Another example comes from an article titled The Epidemiology of Acute Poliomyelitis published in 1908 in the American Journal of Medical Sciences by New York physicians Luther Emmet Holt and Frederic Bartlett. Holt and Bartlett reviewed every polio outbreak reported in the medical literature at the time, totaling 35 in all, and paid special attention to reports of multiple morbidity in a single family. Out of the 1,400 polio cases reviewed, only 40 instances of more than one patient in a family were found. On page 662, the physicians concluded that, while they felt that polio was an “infectious” disease, contagiousness was an open question. Holt and Bartlett wanted to claim that polio was contagious. However, they could only say it was contagious to a very slight degree. Even then, the physicians cautioned against drawing any conclusions until an “infectious agent” was discovered:

“Conciusions. The occurrence of epidemics and the relation of certain groups of cases to one another in these epidemics place beyond question the statement that acute poliomyelitis is an infectious disease. Whether we can go farther and state that the disease is communicable is an open question. After carefully considering all the evidence brought together in this paper, we cannot resist the conclusion that the disease is communicable, although only to a very slight degree, one of the most striking facts being the development of the second cases within ten days after possible exposure. Positive statements, however, must be deferred until the discovery of the infectious agent.”

https://archive.org/details/sim_american-journal-of-the-medical-sciences_1908-05_135_5/page/646/mode/2up

In a lecture at the 1926 conference of the American Medical Association, Dr.
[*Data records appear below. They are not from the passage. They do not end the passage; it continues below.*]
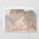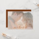A soft blush overlay makes this simple, modern and effortlessly chic wedding photo save the date a nice choice for a fall wedding or for any couple with blush, soft pink, monochromatic beige or dusty pink color schemes. A rust brown background on the back provides a nice contrast for the design.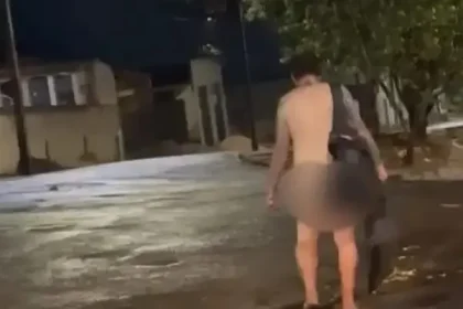 Homem é flagrado nu caminhando por avenida após chuva no Paraná
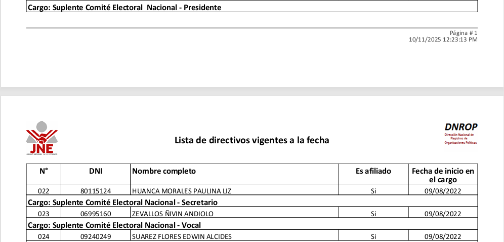 | 6 | Vocal Suplente | EDWIN ALCIDES SUÁREZ FLORES | 09240249 | Figura inscrito como suplente en el ROP. |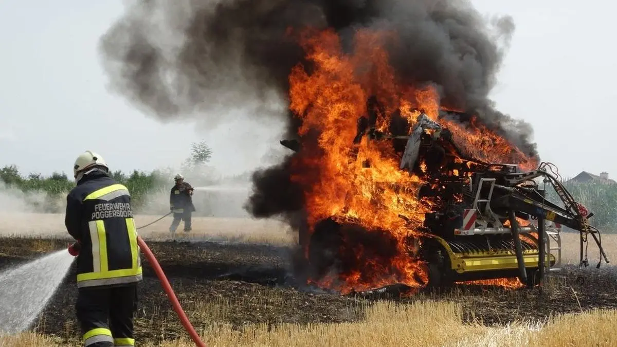 Ein 28-jähriger Landwirt war am Dienstag gegen 13.15 Uhr in Poggersdorf auf einem Acker mit dem Pressen vom Stroh beschäftigt. Währenddessen nahm er aufsteigenden Rauch bei der am Traktor angehängten Rundballenpresse wahr. Der 28-Jährige brachte das Fahrzeug sofort zu Stillstand, wobei zu diesem Zeitpunkt bereits Flammen aus der Rundballenpresse aufstiegen. Der Landwirt koppelte die brennende Rundballenpresse noch am Acker vom Traktor ab, stellte diesen ca. 30 Meter entfernt ab und verständigte sofort über Notruf die Feuerwehr.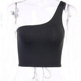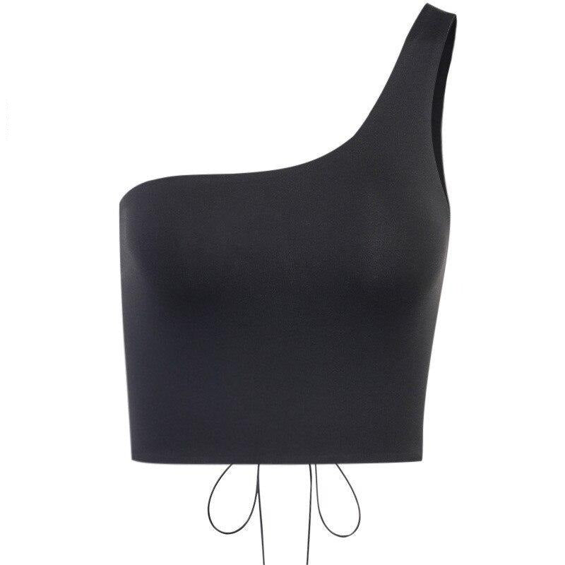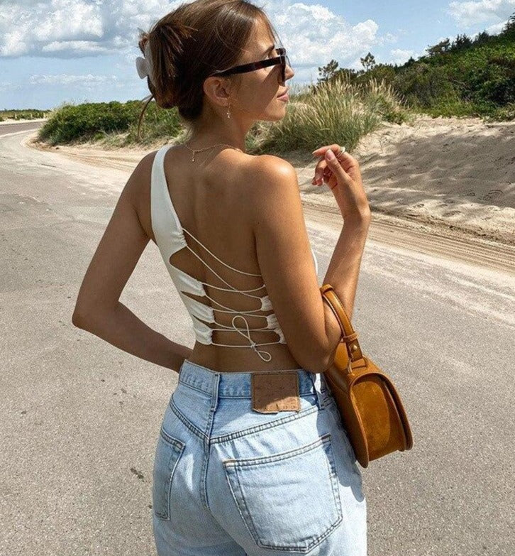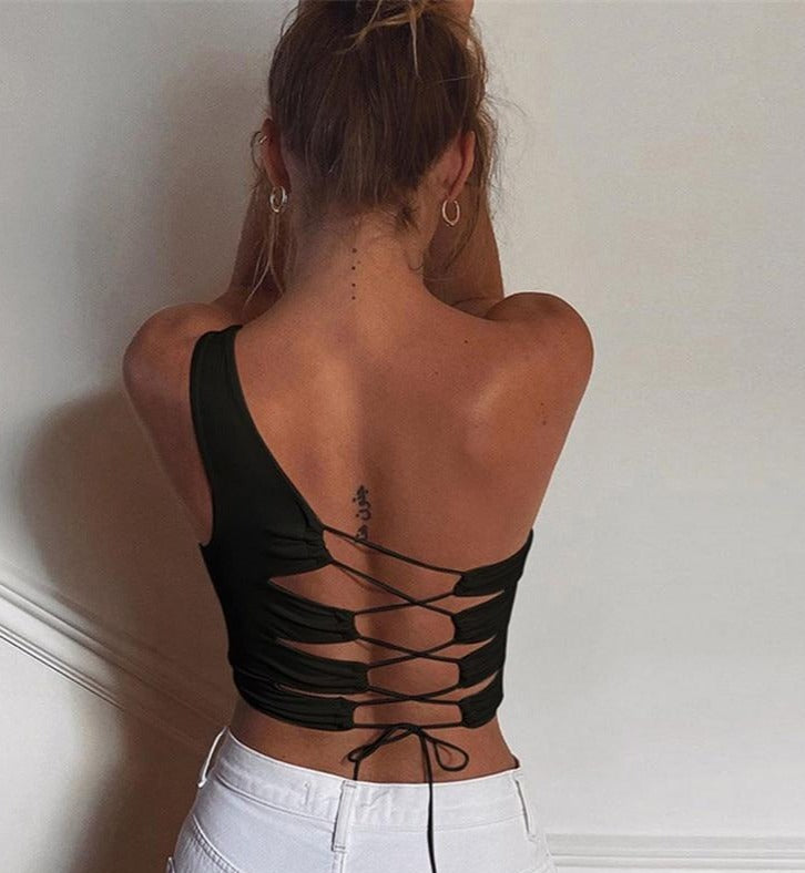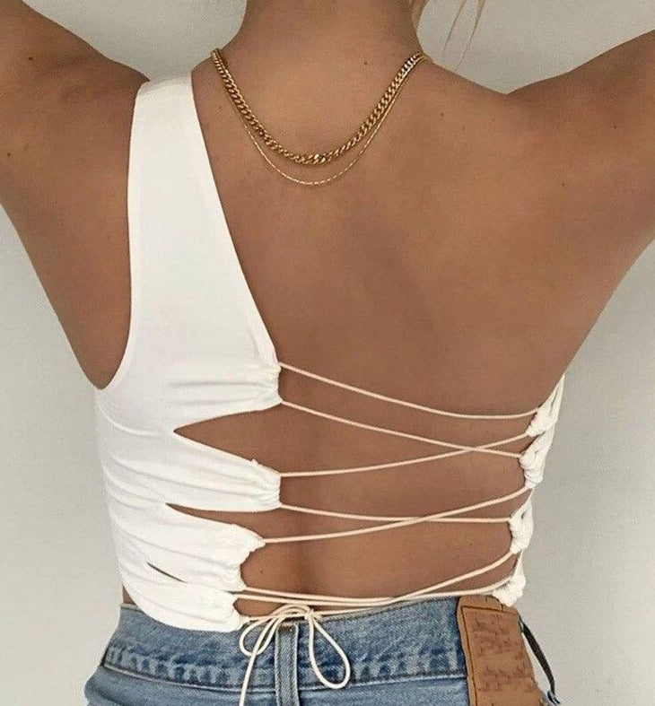 Pisani Maura created Pornografitti, a special capsule collection to demonstrate that this "romantic" item could reveal a very "aggressive" side. Satin long one shoulder top. Asymmetrical plunging neckline. Bare back interrupted by a slave interlaced closure style.

Lloyd Aycock of the Department of Preventive Medicine and Hygiene at Harvard Medical School spoke on the epidemiology of polio and its means of distribution. He noted a greater incidence of polio in rural areas, compared to cities, contradicting what would be expected from a contagious disease:

“there is no theoretical reason why persons in rural life should be more prone to exhibit the paralytic form of the disease.”

Dr. Aycock also emphasized the lack of evidence for direct contagion among polio patients:

“However, epidemiologic evidence of direct contact is scant. The proportion of cases ascribed to direct contact, made up largely of multiple cases in families, has been stated at around 5 percent. It has been observed that the onsets of multiple cases in families as a rule so nearly coincide that they probably represent in the majority
of instances simultaneous infection. When allowance is made for this, the proportion of direct contact cases is reduced to an extremely small figure.”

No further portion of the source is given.